### What to produce
Please copy each line of the listing below precisely, excluding the images.

### Data shown
————————
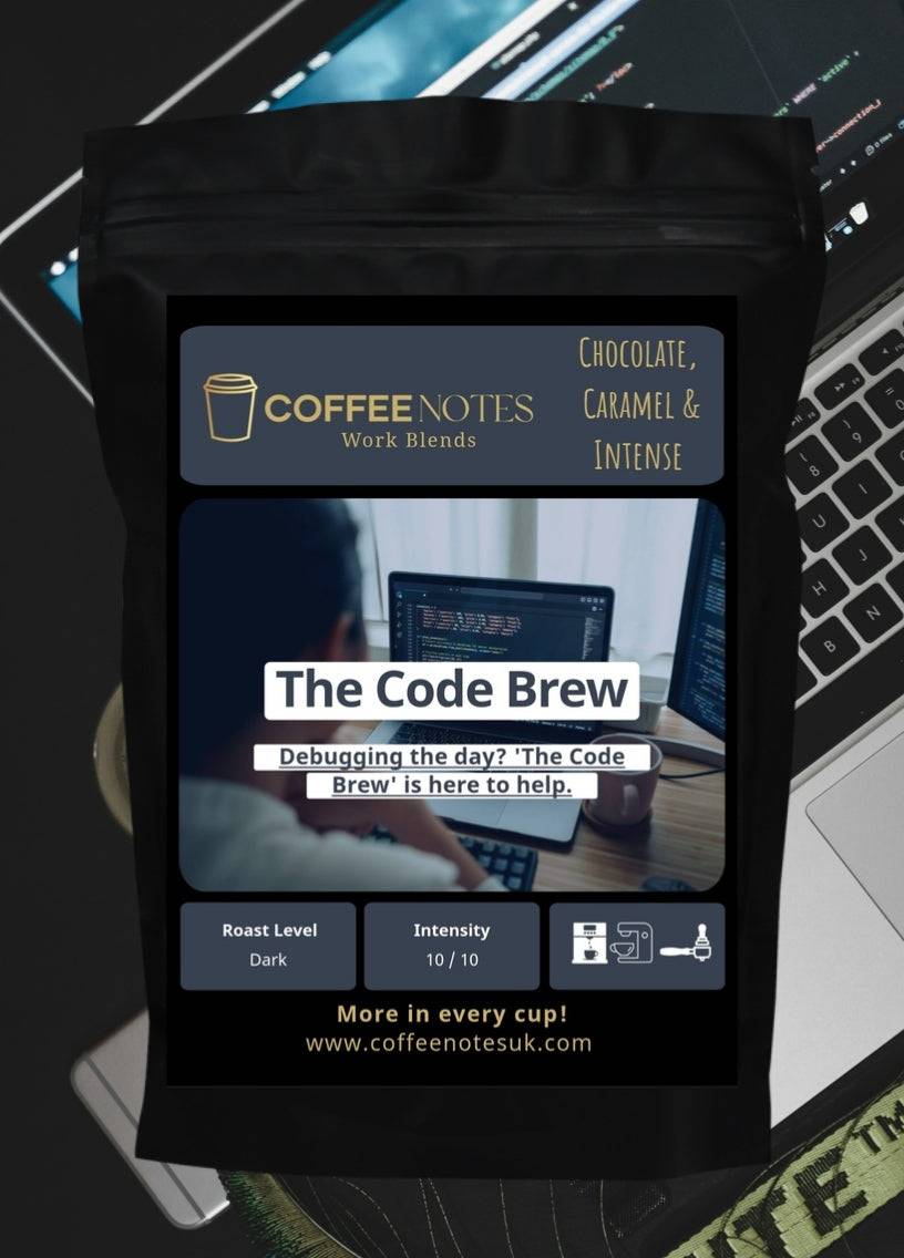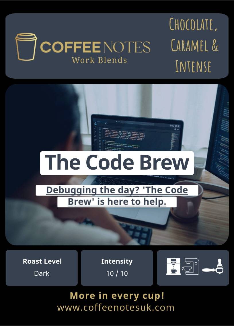 Fuel your team's coding sessions with The Code Brew, our high-caffeine coffee blend designed for maximum focus and productivity. Perfect for tech companies and offices where concentration is key. These premium coffee beans deliver a bold, robust flavor with an intense caffeine kick, helping your developers stay sharp and efficient. Ideal for late-night coding sprints and complex problem-solving. All from Coffee Notes.
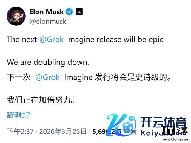 马斯克昨日(3 月 25 日)在 X 平台发布推文,说起 xAI 的视频创作居品 Grok Imagine,强调下一版发布将是“史诗级的”,并明确暗示公司正在“加倍参加”。
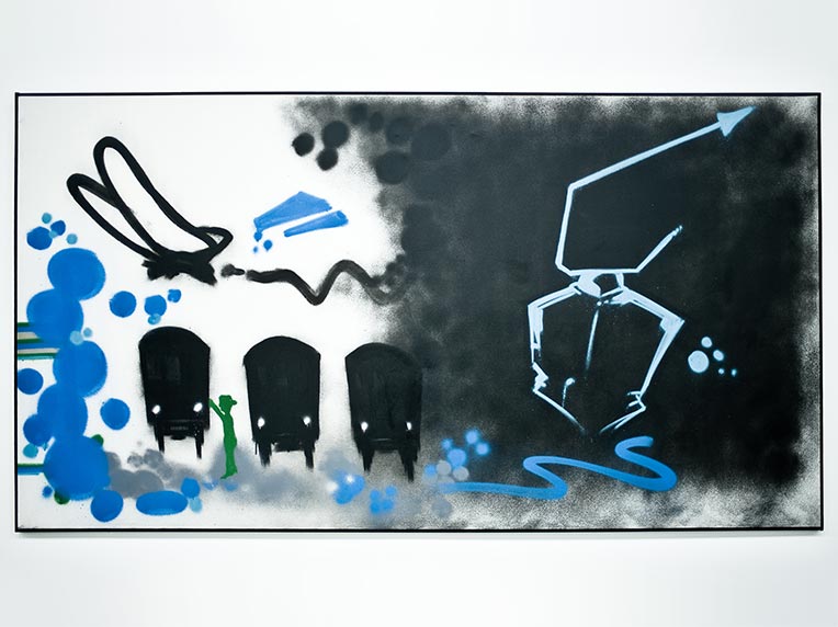 Spray paint and marker on canvas
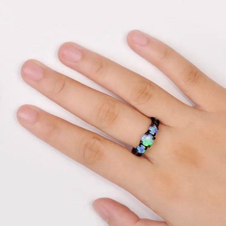 Elevate your style with this stunning gunmetal-plated stainless steel ring featuring a lab-created blue moonstone centerpiece. The captivating blue hues shimmer beautifully, enhanced by delicate pave accents that add just the right touch of sparkle. Durable and eye-catching, this ring offers a unique blend of modern elegance and lasting quality, perfect for making a memorable statement every day.
————————
### Finished task
 Fuel your team's coding sessions with The Code Brew, our high-caffeine coffee blend designed for maximum focus and productivity. Perfect for tech companies and offices where concentration is key. These premium coffee beans deliver a bold, robust flavor with an intense caffeine kick, helping your developers stay sharp and efficient. Ideal for late-night coding sprints and complex problem-solving. All from Coffee Notes.
 马斯克昨日(3 月 25 日)在 X 平台发布推文,说起 xAI 的视频创作居品 Grok Imagine,强调下一版发布将是“史诗级的”,并明确暗示公司正在“加倍参加”。
 Spray paint and marker on canvas
 Elevate your style with this stunning gunmetal-plated stainless steel ring featuring a lab-created blue moonstone centerpiece. The captivating blue hues shimmer beautifully, enhanced by delicate pave accents that add just the right touch of sparkle. Durable and eye-catching, this ring offers a unique blend of modern elegance and lasting quality, perfect for making a memorable statement every day.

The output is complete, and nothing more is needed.